• Work to be completed: Could you transcribe exactly the lines from the one containing "Comfortable office chair, black" through the end of the listing below, both included, but none of the pictures?

• Supplied material:
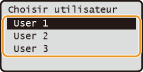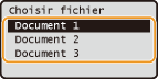 Si les documents sécurisés de deux ou plusieurs utilisateurs sont placés en mémoire, l'écran <Choisir utilisateur> s'affiche avant l'écran <Choisir fichier>. Utilisez
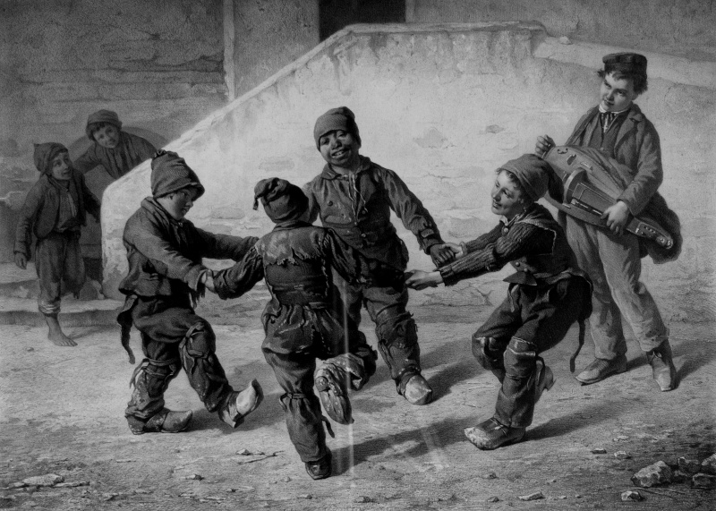 Edouard Alexandre Sain (Cluny 1830 - Paris 1910 ) Vielleur et petits ramoneurs savoyards dansant Estampe
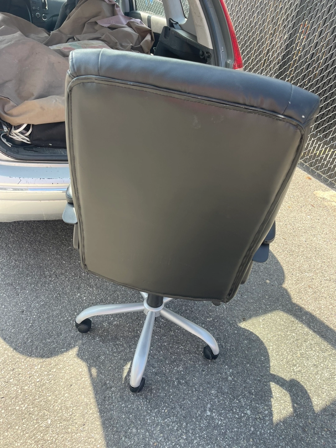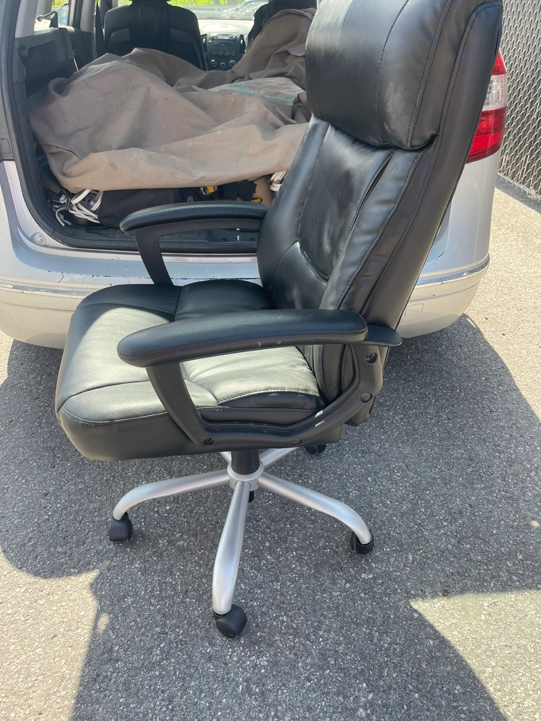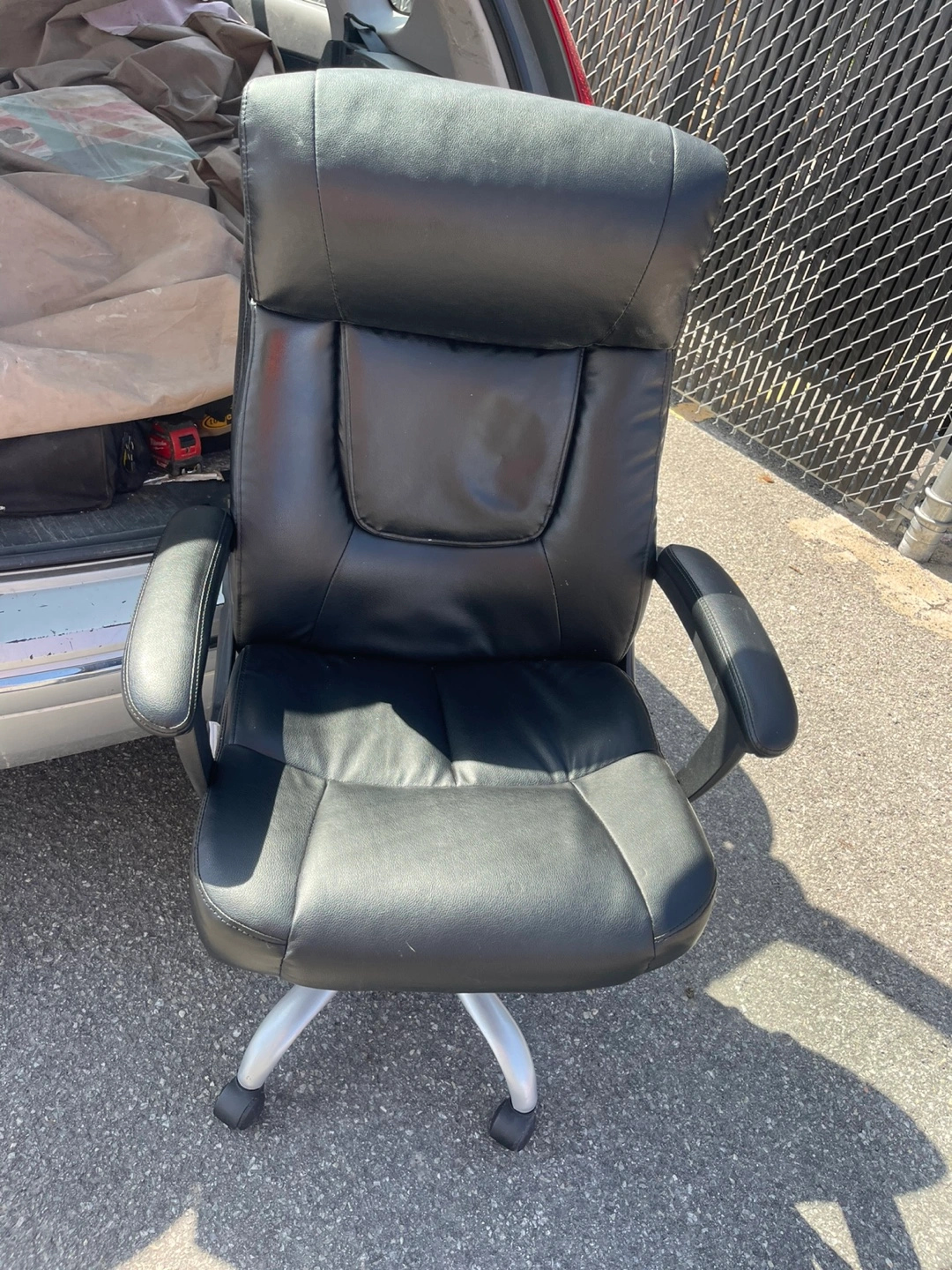 Comfortable office chair, black leather, adjustable. Silver base, five wheels. Used, good condition.
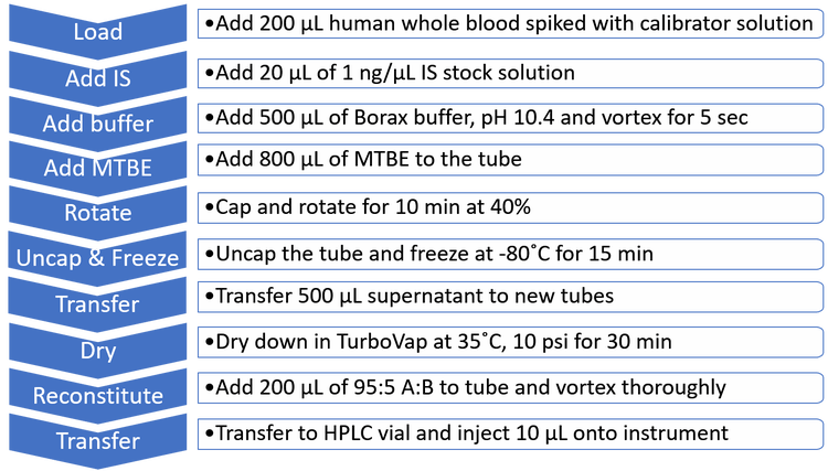 Sample preparation: NSO were extracted from the 200 µL spiked whole blood mixtures using a liquid-liquid extraction (LLE) procedure summarized in Figure 2.

• Result of the task:
 Comfortable office chair, black leather, adjustable. Silver base, five wheels. Used, good condition.
 Sample preparation: NSO were extracted from the 200 µL spiked whole blood mixtures using a liquid-liquid extraction (LLE) procedure summarized in Figure 2.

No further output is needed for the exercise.